A while ago I took part in a HuffPost Live discussion titled Why Your Bank Account Can Make You More Attractive and of course writing a blog called Married My Sugar Daddy it was a SLAM DUNK that the producers would contact me and ask me if I wanted to be a guest- as they would assume that I married for money and not for love. And that would be partly true. Obviously what attracted me to my husband was his financial security and earning power and the fact that he had a good head on his shoulders and had a plan. Of course I did spend years fighting with him over what I can now ( after having done this segment label his SAVER nature) I did on occasion use the C word when it came to describing him. But I think it was because I didn’t really understand his emotional connection and relationship to money. I think that is a really important factor that all spouses need to keep in mind before they start throwing out the C word accusing their partners of being cheap.
On the first date- my husband did not pull out a coupon. During my segment it was stated that some women like a man who will use a coupon on a first date- because that is an indication that the man is showing his true nature- and is not holding anything back. That would’ve been a deal breaker for me. And I feel that if my husband’s true nature was to coupon our entire life, that is something I could not have lived with for the past 17 years. Rather my husband has always been very careful about what we have spent our money on and has splurged when the time was appropriate. I feel that he has always been transparent about his feelings towards money – and while when we first got married I was too immature to appreciate his SAVER qualities I now realize how lucky I am to be linked to such a guy. I also wish I would’ve spent less time arguing with him about these Saver qualities which I now cherish.

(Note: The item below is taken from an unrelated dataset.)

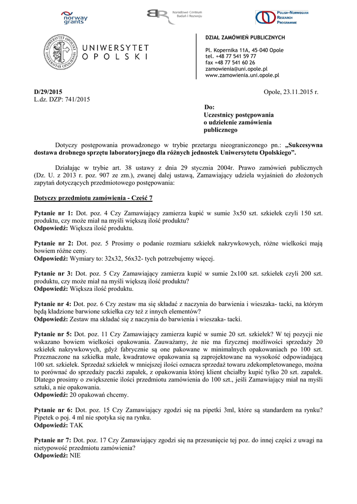 DZIAŁ ZAMÓWIEŃ PUBLICZNYCH Pl. Kopernika 11A, 45–040 Opole tel. +48 77 541 59 77 fax +48 77 541 60 26 [email protected] www.zamowienia.uni.opole.pl D/29/2015 L.dz. DZP: 741/2015 Opole, 23.11.2015 r. Do: Uczestnicy postępowania o udzielenie zamówienia publicznego Dotyczy postępowania prowadzonego w trybie przetargu nieograniczonego pn.: „Sukcesywna dostawa drobnego sprzętu laboratoryjnego dla różnych jednostek Uniwersytetu Opolskiego”. Działając w trybie art. 38 ustawy z dnia 29 stycznia 2004r. Prawo zamówień publicznych (Dz. U. z 2013 r. poz. 907 ze zm.), zwanej dalej ustawą, Zamawiający udziela wyjaśnień do złożonych zapytań dotyczących przedmiotowego postępowania: Dotyczy przedmiotu zamówienia - Cześć 7 Pytanie nr 1: Dot. poz. 4 Czy Zamawiający zamierza kupić w sumie 3x50 szt. szkiełek czyli 150 szt. produktu, czy może miał na myśli większą ilość produktu? Odpowiedź: Większa ilość produktu. Pytanie nr 2: Dot. poz. 5 Prosimy o podanie rozmiaru szkiełek nakrywkowych, różne wielkości mają bowiem różne ceny. Odpowiedź: Wymiary to: 32x32, 56x32- tych potrzebujemy więcej. Pytanie nr 3: Dot. poz. 5 Czy Zamawiający zamierza kupić w sumie 2x100 szt. szkiełek czyli 200 szt. produktu, czy może miał na myśli większą ilość produktu? Odpowiedź: Większa ilość produktu. Pytanie nr 4: Dot. poz. 6 Czy zestaw ma się składać z naczynia do barwienia i wieszaka- tacki, na którym będą kładzione barwione szkiełka czy też z innych elementów? Odpowiedź: Zestaw ma składać się z naczynia do barwienia i wieszaka- tacki. Pytanie nr 5: Dot. poz. 11 Czy Zamawiający zamierza kupić w sumie 20 szt. szkiełek? W tej pozycji nie wskazano bowiem wielkości opakowania. Zauważamy, że nie ma fizycznej możliwości sprzedaży 20 szkiełek nakrywkowych, gdyż fabrycznie są one pakowane w minimalnych opakowaniach po 100 szt. Przeznaczone na szkiełka małe, kwadratowe opakowania są zaprojektowane na wysokość odpowiadającą 100 szt. szkiełek. Sprzedaż szkiełek w mniejszej ilości oznacza sprzedaż towaru zdekompletowanego, można to porównać do sprzedaży paczki zapałek, z opakowania której klient chciałby kupić tylko 20 szt. zapałek. Dlatego prosimy o zwiększenie ilości przedmiotu zamówienia do 100 szt., jeśli Zamawiający miał na myśli sztuki, a nie opakowania. Odpowiedź: 20 opakowań chcemy. Pytanie nr 6: Dot. poz. 15 Czy Zamawiający zgodzi się na pipetki 3ml, które są standardem na rynku? Pipetek o poj. 4 ml nie spotyka się na rynku. Odpowiedź: TAK Pytanie nr 7: Dot. poz. 17 Czy Zamawiający zgodzi się na przesunięcie tej poz. do innej części z uwagi na nietypowość przedmiotu zamówienia? Odpowiedź: NIE DZIAŁ ZAMÓWIEŃ PUBLICZNYCH Pl. Kopernika 11A, 45–040 Opole tel. +48 77 541 59 77 fax +48 77 541 60 26 [email protected] www.zamowienia.uni.opole.pl Pytanie nr 8: Dot. poz. 17 Jeśli Zamawiający nie zgadza się na powyższe to prosimy o podanie jakiego rodzaju ma być szkło do noży ultramikrotomowych. Odpowiedź: Zamawiający nie wie jakie to ma być szkło, szkło będzie łamane w typowej, starej łamarce, prowadzącego interesuje ostrze do cięcia. Dotyczy umowy – zał. nr 4 do SIWZ Pytanie nr 9: Dot. §3 pkt. 3 Czy Zamawiający zgodzi się na odstąpienie od konieczności potwierdzania zamówienia w terminie 24 godzin? Czynność ta jest niepotrzebną procedurą. Biorąc pod uwagę ilość zamówień, którą dziennie obsługują Wykonawcy jest to znacznym obciążeniem dla ich wydajności procesu realizacji zamówień. Odpowiedź: TAK Pytanie nr 10: Dot. §5 pkt. 1 Czy Zamawiający zgodzi się na skrócenie terminu gwarancji do 12 miesięcy? Sama umowa ma trwać krócej, bo maksymalnie 12 miesięcy. Odpowiedź: TAK Pytanie nr 11: Dot. §5 pkt. 6 Czy Zamawiający zgodzi się odstąpić od tego punktu, biorąc pod uwagę, że w ramach np. części 2 czy 7 jest zaledwie 11 oraz 21 pozycji asortymentowych? Analiza wykorzystania umowy w przypadku tak niewielkiego zamówienia nie nastręcza trudności i jest możliwa do wykonania w krótkim czasie przez Zamawiającego na podstawie otrzymanych faktur. Ponadto wykonywanie takiej analizy co miesiąc jest nader częstą czynnością biorąc pod uwagę zarówno zakres ilościowy produktów, jak i niewielką wartość przedmiotu zamówienia w ramach wyżej wskazanych części. Odpowiedź: TAK Pytanie nr 12: Dot. §6 pkt. 1 c) Czy Zamawiający zgodzi się na obniżenie kary i naliczanie jej od wartości towaru niedostarczonego? Nie ma powodu naliczać karę również od wartości towaru już dostarczonego w ramach danego zamówienia. Odpowiedź: NIE Dotyczy przedmiotu zamówienia – Pakiet 1B część 2 Pytanie nr 13: Czy Zamawiający w poz. 2 i 6 wymaga tych samych końcówek, różniących się jedynie wielkością opakowania zbiorczego? Odpowiedź: TAK Pytanie nr 14: Czy Zamawiający w poz. 5 dopuszcza końcówki o pojemności 1-200ul? Odpowiedź: TAK Pytanie nr 15: Czy Zamawiający w poz. 6 dopuszcza końcówki w opakowaniu zbiorczym 1000szt? Odpowiedź: TAK Pytanie nr 16: Czy Zamawiający w poz. 7 dopuszcza końcówki o pojemności 1000-5000ul? Odpowiedź: TAK Dotyczy przedmiotu zamówienia - część 1G Pytanie nr 17: Pozycja nr. 17. Proszę Podać więcej szczegółów na temat „szkło do noży ultramikrotomowych 25x6x406 (op. 30 szt)". Proszę podać producenta ultramikrotomu. DZIAŁ ZAMÓWIEŃ PUBLICZNYCH Pl. Kopernika 11A, 45–040 Opole tel. +48 77 541 59 77 fax +48 77 541 60 26 [email protected] www.zamowienia.uni.opole.pl Odpowiedź: Producent mikrotomu (noży): Tesla, to stare ultramikrotomy. Pytania do załącznika numer 1F Pytanie nr 18: Pozycja nr. 42 Proszę podać średnicę sita, wysokość oraz z czego ma być wykonana obudowa- metal lub plastik ? Odpowiedź: poz 42: wymiary sita to: średnica 22,5 cm, wysokość 5,5 cm, obudowa plastikowa Pytanie nr 19: Pozycja nr. 43 - Proszę aby określić jedną wielkość tryskawki którą nale

So what is my advice to women who are dating?
Stick with the guy who understands the value of a dollar. Stick with the guy who would rather buy you a gorgeous engagement ring- than a porsche for himself. Stick with the guy who saves for his kids’ college education instead of buying the latest flat-screen tv. Stick with a guy who is THE GOOD BOY- the bad boy may be a little sexier but the good boy is MORE RELIABLE and in the end more attractive.
For the record– my husband the SAVER says- Don’t use the coupon on a first date–because there are some things that are worth the splurge- and that’s one of them!
So do you agree —would you prefer a partner who knows how to save money over a well-dressed spouse with a toned physique. Does cold, hard cash matter more when it comes to lasting love?
What is the benefit of marrying a man with money if it seems he gets to make all the decisions about how it is spent? Stingy people are usually selfish too, and hopefully your hubby isn’t one of these. It is one thing to live within a budget and seek to make wise financial decisions, but a person who is obsessed with every purchase they make and spending money is painful for them is someone I would run from. Those with cheap OCD also put more time, effort and energy into saving amounts that are not equivalent to expenditure, which is not rational.
Do you at least have the freedom to spend the money you earn freely without hubby’s oversight? I hope so.
I think saving is a great quality in a spouse. Much better than the alternative!
I have a partner who is a saver and since I am not, I am thankful for him. I realize this more and more as we get older!
My ex-husband was the “c” word. And that’s one reason he’s my ex. I love generosity as a trait.
There is a difference between being cheap and being a saver. I’m so thankful my huz is a safer. Someone in the relationship has to be and understanding how to budget and live a secure life is a huge asset in my opinion!
I appreciate my husband’s saver nature, but I am so glad he’s not cheap. There’s definitely a difference!
My husband is DEFINITELY the saver in our relationship, but it is a perfect balance. I can sometimes convince him to step outside his comfort zone and he reigns me in when I need it. I’m grateful for his relationship with money.